Я это заметил уже за несколько лет перед тем, на Лазурном берегу[67]. Я сидел однажды вечером с друзьями на террасе Монте-Карло Бич возле рыбного садка. На сцене открытого театра загар голых ног знаменитого ансамбля гёрлс[68] из Нью-Йорка поднимался и опускался в ритме музыки. Вечер был теплый. Море дремало, покоясь на прибрежных камнях. Около полуночи принцесса Пьемонтская появилась в сопровождении графа Грегорио Кальви ди Берголо. Спустя минуту она послала его пригласить нас к своему столу. Принцесса молчала, глядя на спектакль, странно им поглощенная; оркестр играл «Сторми Ваэза[69]» и «Сингинг ин тзе рейн»[70].Потом она повернулась ко мне и спросила, когда я возвращаюсь в Турин[71]. Я ответил ей, что не вернусь больше в Италию, пока все не переменится.
Она посмотрела на меня долгим взглядом, молча, с грустным выражением.
— Вы припоминаете другой вечер в Венце? — спросила она неожиданно.
(За несколько дней перед этим я поднялся на Венце передать привет от Роже Корнаца французскому переводчику Х. Д. Лоуренса — двум молодым американкам, известным тогда на всем Лазурном берегу благодаря их «священным танцам». Две американские девицы жили вместе, совсем одни, в старинном домике. Они были очень бедны и казались счастливыми. Младшая походила на Рене Вивьен. Они сказали мне, что в этот вечер ожидают у себя принцессу Пьемонтскую. В то время как младшая, укрывшись за пыльной портьерой, готовилась к своему танцу (ее подруга подбирала пластинки и крутила завод граммофона), принцесса Пьемонтская вошла с Грегорио Кальви и другими. Сначала мне показалось, что ничто не изменилось в ее облике; потом я заметил постепенно, что и в ней тоже было что-то униженное и увядшее. В плохо освещенной комнате, низкой и сводчатой, вроде грота, на каком-то подобии сцены, декорированной материей и бумагой, молодая американка, походившая на Рене Вивьен, начала танцевать. Это был бедный танец, прелестно вышедший из моды, вдохновленный, как объяснила ее подруга, фрагментом из Сафо[72]. Вначале танцовщица казалась сгорающей на чистом огне: голубые огни пылали в ее светлых глазах. Но через мгновение она явилась усталой и утомленной. Ее подруга пристально смотрела на нее взглядом нежным и повелительным, в то же время она полушепотом говорила принцессе Пьемонтской о священных танцах, о Платоне[73], о статуях Афродиты[74]. Танцовщица медленно передвигалась на крохотной сцене, при красноватом свете двух ламп, накрытых колоколами из лилового атласа, поднимая и опуская временами одну ногу, временами другую, в ритме граммофона, иногда поднимая руки и соединяя их кисти над головой, потом роняя их вдоль бедер жестом последнего изнеможения. Затем она остановилась, сказала с ребяческой простотой: «Я устала», — и уселась на подушке. Ее подруга приняла ее в свои объятия, называя дорогой малюткой, и повернулась к принцессе Пьемонтской, спрашивая ее: «Не правда ли, она чудесна?»

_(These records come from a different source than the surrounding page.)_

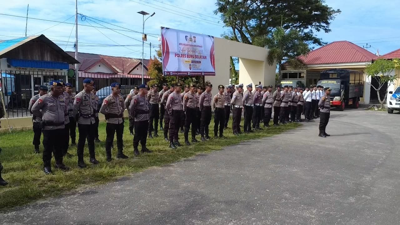 Apel gelar pasukan diikuti para Pejabat Utama Polres Buru Selatan, personel Kompi 3 Batalyon A Pelopor, Kompi C 735 Nawasena, Sat Samapta, Satlantas, Sat Resintel, personel staf, serta unsur Dinas Perhubungan Kabupaten Buru Selatan.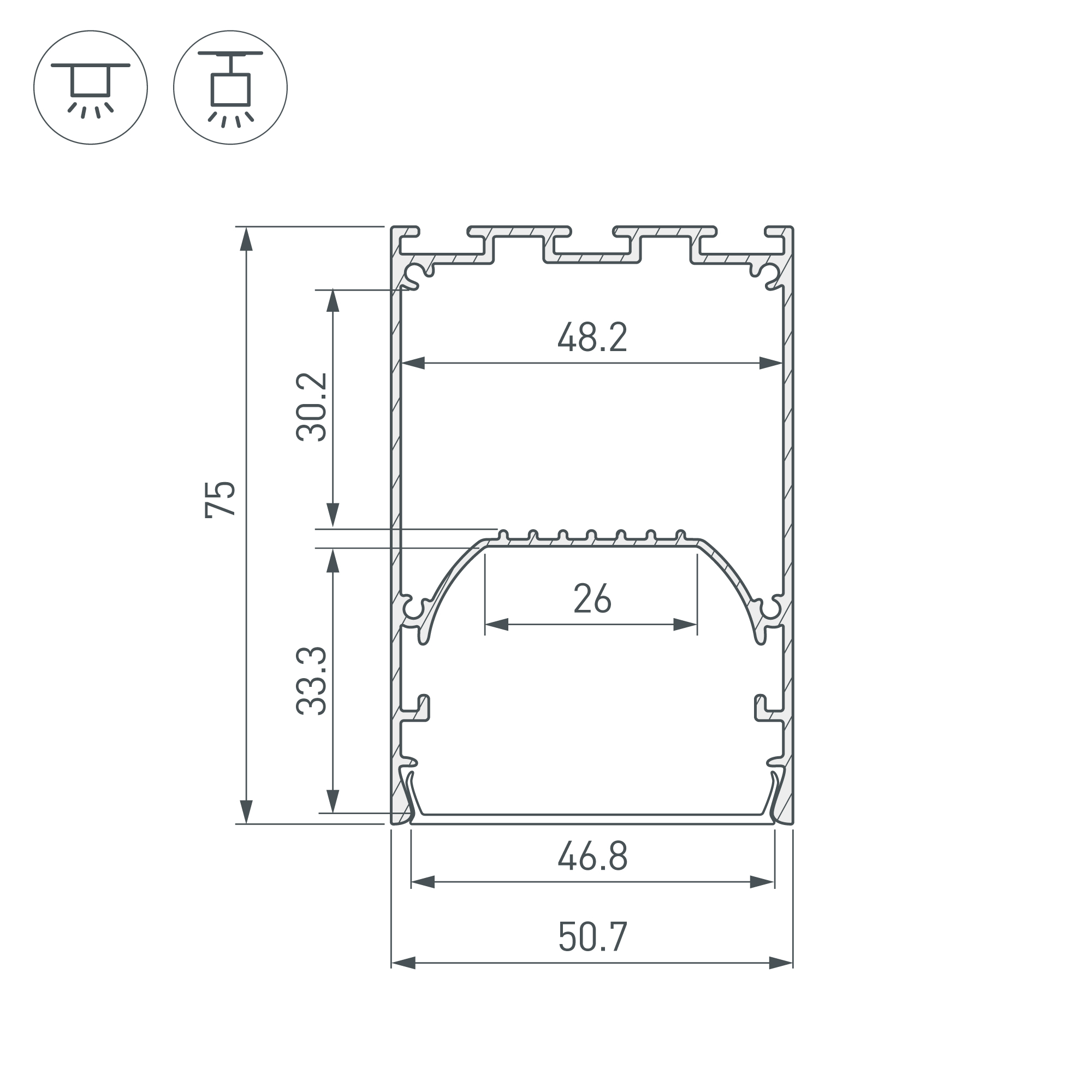 Габаритные размеры профиля составляют 2000 мм в длину, 50,7 мм в ширину и 75 мм в высоту. Площадка для установки светодиодных лент позволяет использовать ленту шириной до 26 мм и мощностью до 65 Вт/м. Это обеспечивает гибкость в выборе светодиодных лент и создает потрясающие световые решения.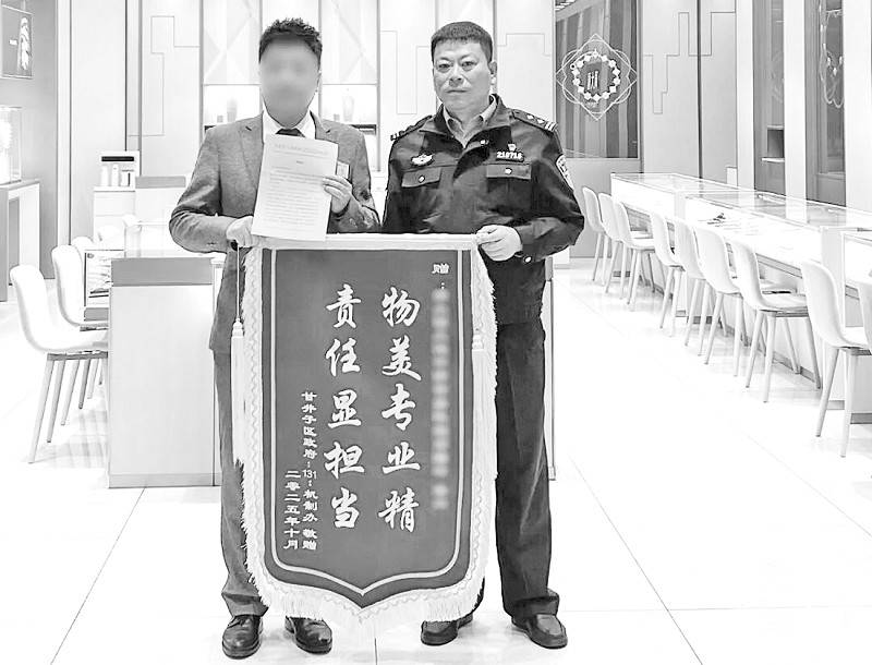 民警将锦旗和感谢信交到店员手中。 受访者供图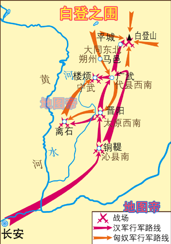 楚汉争霸期间,刘邦为了拉拢诸侯,给功臣封王,其中就有韩王信。公元前201年,韩王信勾结匈奴,在大同发动叛乱,南攻太原。汉高祖刘邦亲率大军迎击匈奴,连战连捷。但刘邦由于轻敌冒进,被匈奴围困大同白登山七天七夜,即白登之围,经谋士陈平运作刘邦才得以脱险。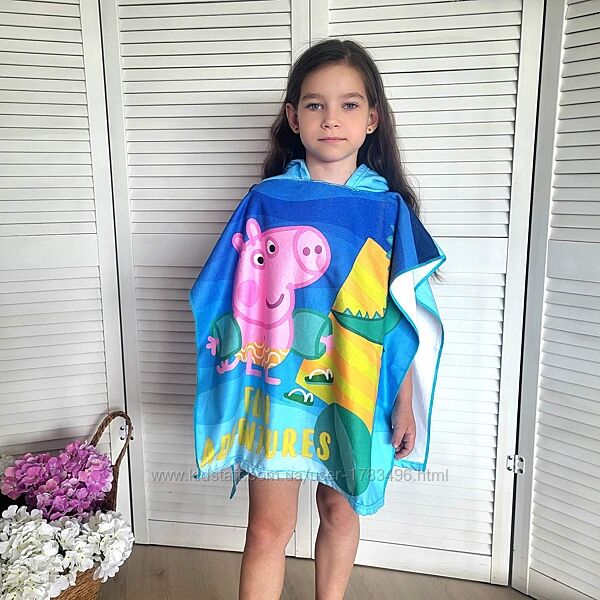 Подробное описание: Дитячий рушник-пончо з капюшоном для дівчинки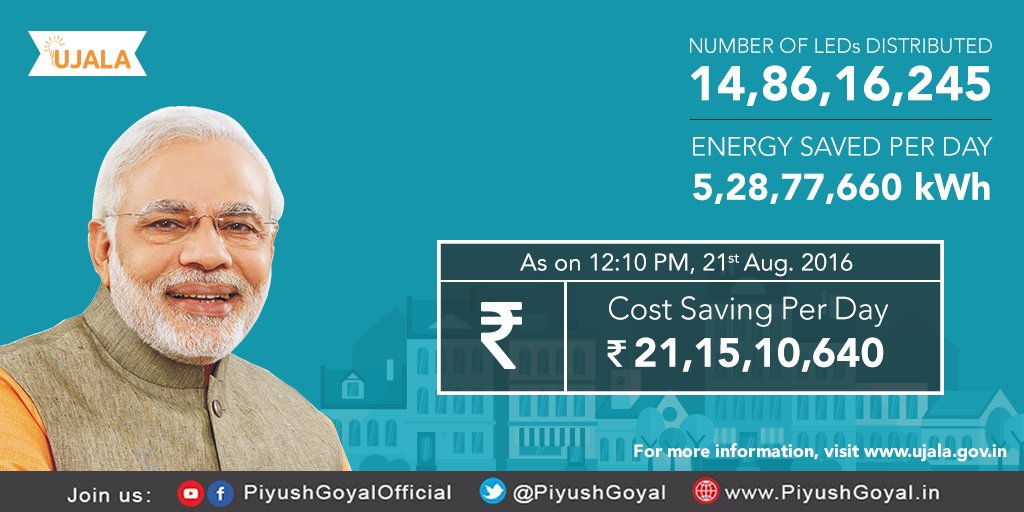 14 Cr.+ LED bulbs distributed under UJALA saving precious energy, lowering consumer bills & CO2 emissions.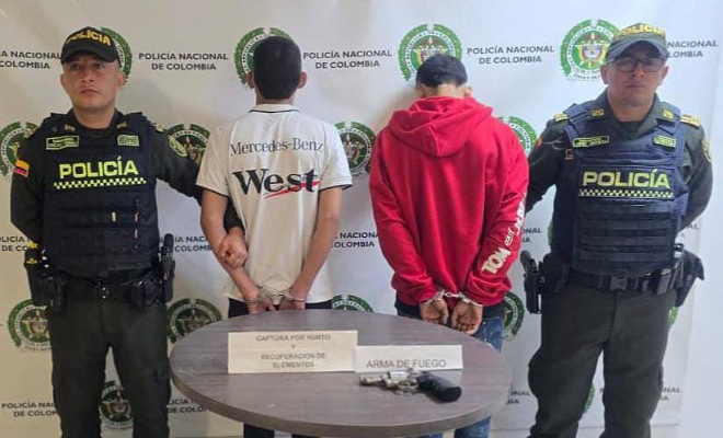 En una intensa persecución registrada por los barrios Industrial, Las Delicias y Brisas de Guatiquía, uniformados del Modelo Nacional de Servicio de Policía hicieron efectiva la captura en flagrancia de dos hombres de 19 y 22 años, quienes minutos antes habían intimidado con un arma de fuego a dos mujeres para despojarlas de sus pertenencias y huyeron del lugar en motocicleta.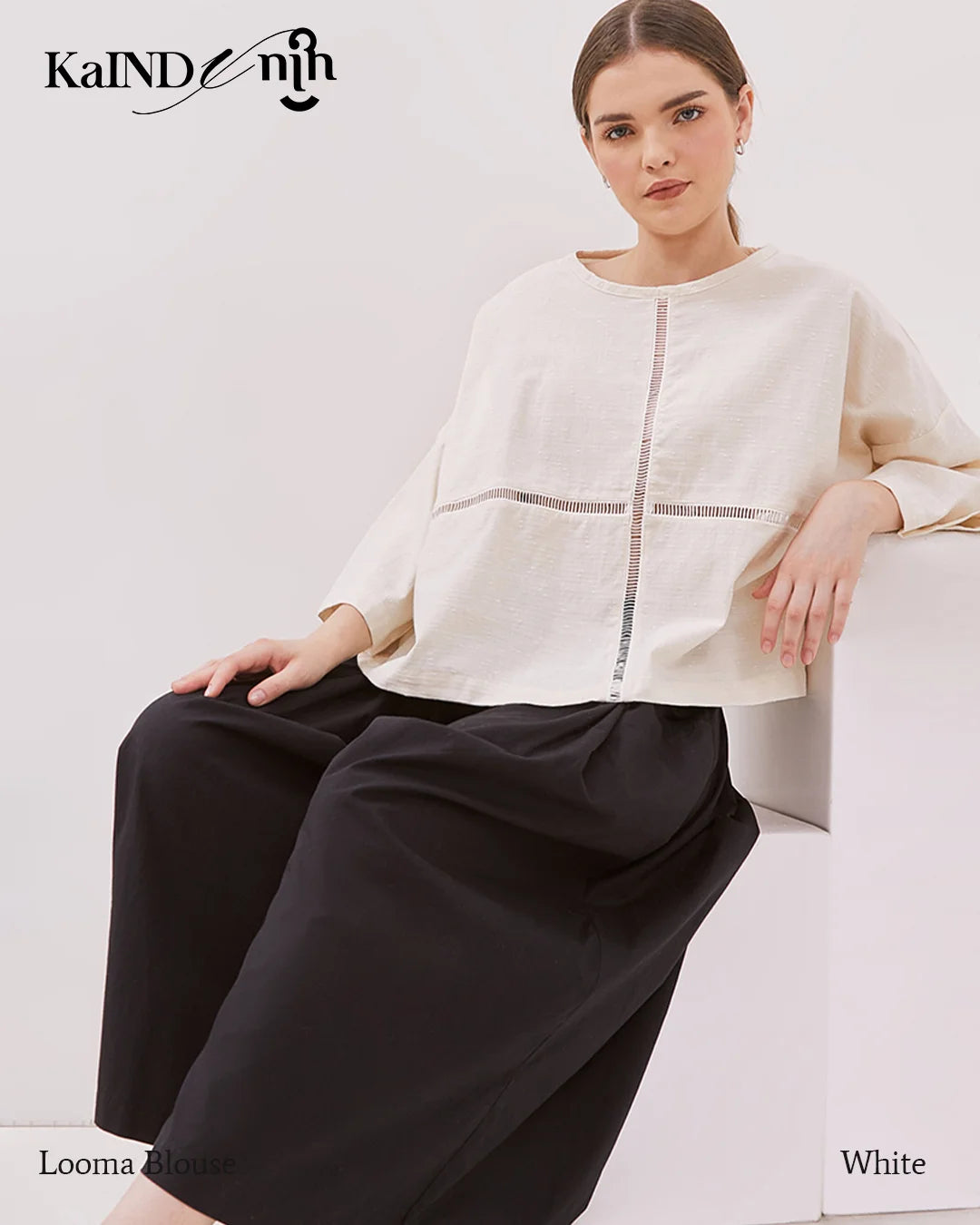 Ce chemisier tissé main allie élégance intemporelle et charme minimaliste. Sa silhouette décontractée et carrée respire le confort et la sophistication. Le devant est orné de délicats détails en maille ajourée qui créent des accents linéaires, apportant une texture subtile et une touche artisanale au modèle. Les larges manches trois-quarts et l'ourlet asymétrique lui confèrent une allure raffinée.

— Знаете ли, о чем я думала, присутствуя на танце этой молодой американки? — сказала мне принцесса. — Я думала, что ее движения не были чистыми. Я не хочу этим сказать, что они были чувственны или что им недоставало стыдливости, я хочу сказать, что они были горделивыми. Они не были чистыми. Я задаю себе вопрос, почему сегодня так трудно оставаться чистым. Не кажется ли вам, что нам следовало бы быть более смиренными?
— Я подозреваю, — ответил я, — что танцы этой молодой американки послужили вам только предлогом. Быть может, вы думали о чем-то другом?
Да, может быть, я думала о другом, — сказала она. Она на мгновение умолкла, затем повторила: «Не кажется ли вам, что мы должны бы были быть более смиренными?»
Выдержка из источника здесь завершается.